Unfaithful Reasoning: AI systems that explain their reasoning behind certain outputs have been found to provide false rationalizations that do not represent their real decision-making process. Something people never do! Some would argue that none of us ever really knows why we do anything we do, that all so-called ‘reasoning’ is mere ‘rationalization’. We do what we do for reasons unknown, but then we invent a rationale to explain and justify our actions to ourselves.
According to this view, we create an artificial universe of cause and effect, reason and rationalization, to paper over the fact that our real motives are hidden away in a hermetically sealed black box. Talk about Maya!
Several potential risks stem from deceptive AI systems…AI systems that possess deception skills can empower bad actors to create harmful AI products such as fraudulent scams and election tampering. Deceptive AI systems can produce profound societal changes, including:
Persistent False Beliefs: AI systems may inadvertently reinforce false beliefs by mirroring popular misconceptions and providing sycophantic advice. Like network news.
Political Polarization: People may become further divided as they engage more with sycophantic AI systems that reaffirm their existing beliefs. Like CNN (or MSNBC) vs. Fox.

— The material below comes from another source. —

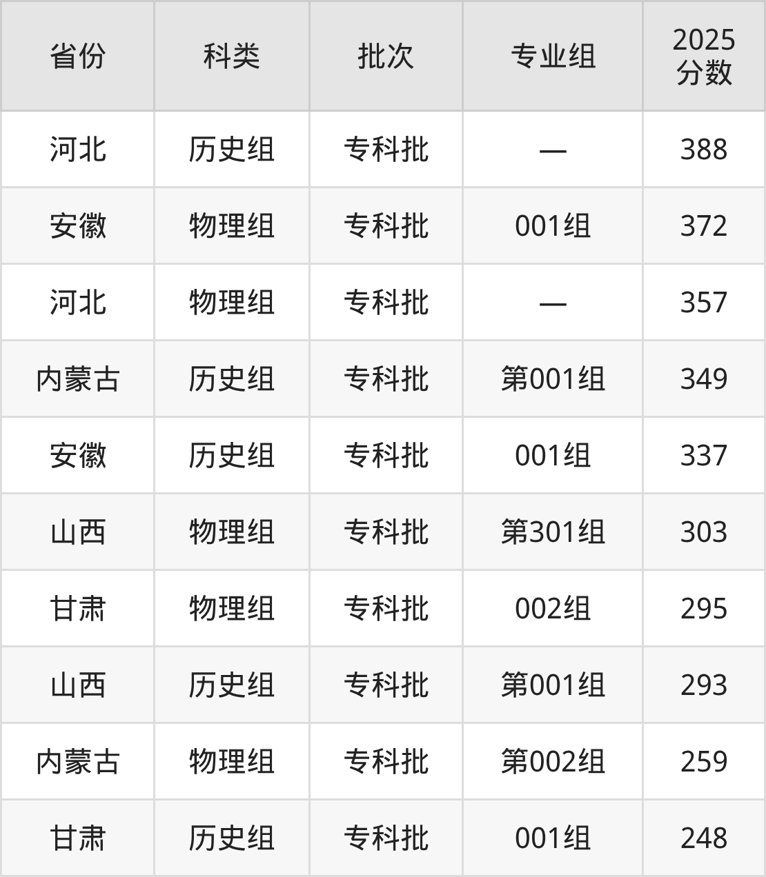 而安徽地区物理组考生的分数门槛最高,2025年河北劳动关系职业学院001组在安徽招生最低分为372分,考生至少要超专科线172分才有可能被录取。
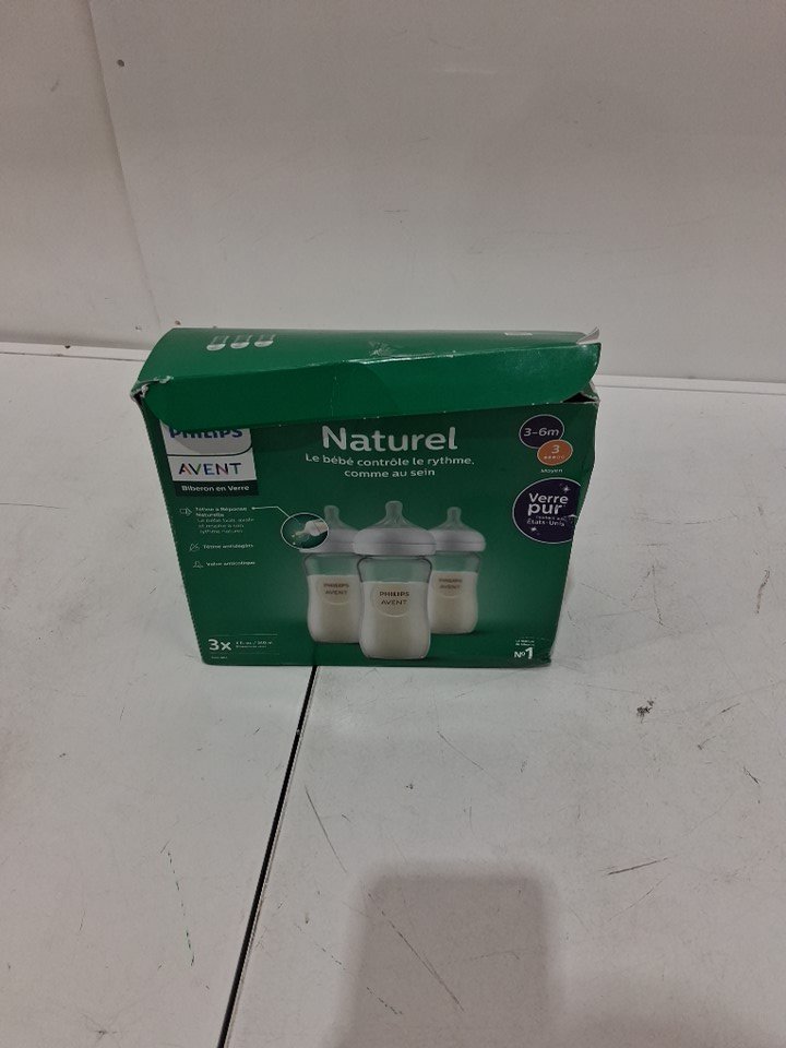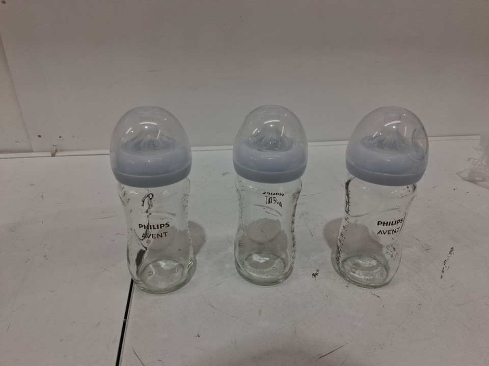 3PK PHILIPS Avent Natural Glass Baby Bottles with Natural Response Nipples - Medium Flow, Flow 3 - 8OZ - WHITE/CLEAR (model:‎ SCY913/03)

To mitigate the risks posed by deceptive AI systems, the authors propose several solutions:
Regulation: Policymakers should implement strict regulations on AI systems capable of deception. Risk-based frameworks should treat deceptive AI systems as high-risk or unacceptable-risk, subjecting them to rigorous assessment and controls. When has regulation ever worked to rein-in technological development? We think we control our technology but, as Jacques Ellul pointed out in Technological Society, it is our technology that controls us.
Move from silicon-based to carbon-based life forms. Should we ‘implement strict regulations’ on humans ‘capable of deception’? Should we designate them ‘as high-risk or unacceptable risk’? Should we subject them ‘to rigorous assessment and controls’?

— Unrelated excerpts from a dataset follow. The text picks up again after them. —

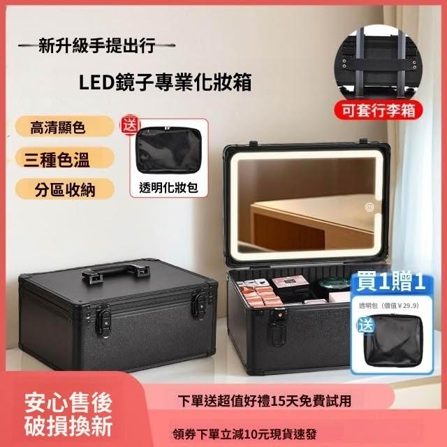化妆箱带镜子带灯便携手提化妆品收纳盒专业跟妆师专用可挂行李箱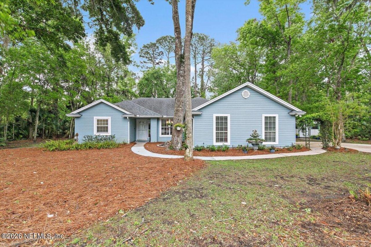 Welcome home to a little touch of country in the city. This beautiful pool home sits on 1.3 acres and includes joint ownership of a pond adjacent to the home. The large treed lot provides both shade and privacy from neighbors. Tons of room for play and planting. The house has a great layout with split bedrooms. The kitchen and family room sit in the center of the home w/ great views of the pool, pond and backyard. The kitchen is bright and open with a custom tile floor and backsplash. The primary bedroom has access to the pool area. The septic system updated/replaced in 2025. Roof in 2019, HVAC in 2022. The home is in close proximity to the award-winning St. John's County schools. Go fishing in your backyard or just enjoy the scenery and serenity. See what laid back life is all about.
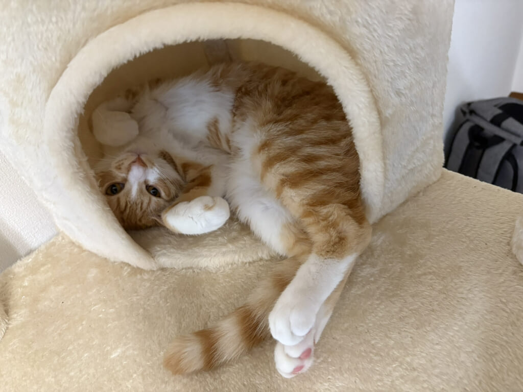 まだ子猫なので、電源コードや高い家具にも登ろうとするなど、危険な行動も多く、目が離せません。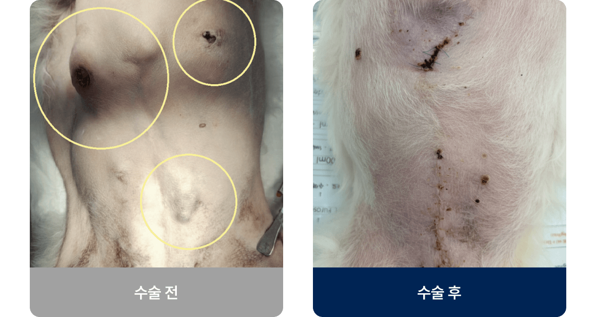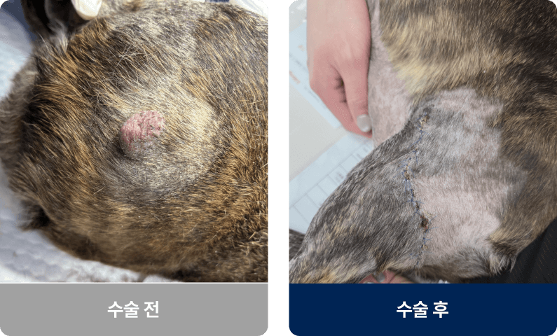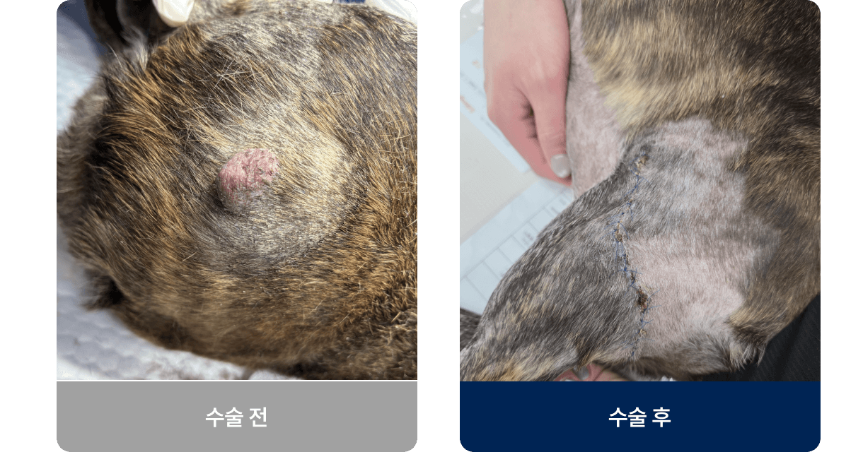 아프리카 동물의료센터는 종양의 특성과 아이의 나이, 체력, 보호자의 상황까지 모두 고려하여 가장 무리가 적은 치료법을 제시합니다. 수술과 항암치료는 아이의 고통을 늘리는 과정이 아니라 통증을 줄이고 더 오래, 편안하게 함께하기 위한 과정입니다.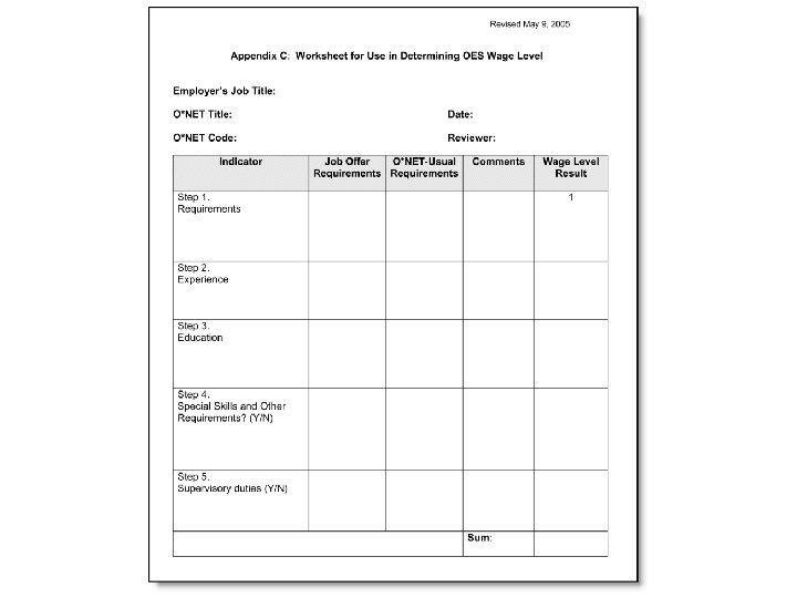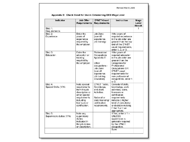 Determining the Prevailing Wage l STEP 1: List Job Offer Requirements l STEP 2: Compare Job Offer Experience requirements with Job Zone/SVP Range At low end of range, add 1 level l At high end of range, add 2 levels l Outside the range, add 3 levels l

Bot-or-Not Laws: Policymakers should promote transparency by requiring AI systems and their outputs to be clearly distinguished from humans and their outputs. Now I can choose whether I want to be deceived by a carbon-based life form or a silicon-based life form; how cool is that?
Making AI Systems Less Deceptive: Researchers should focus on creating tools to ensure that AI systems exhibit less deceptive behavior, reducing the risks associated with deception. In other words, lobotomize them at birth!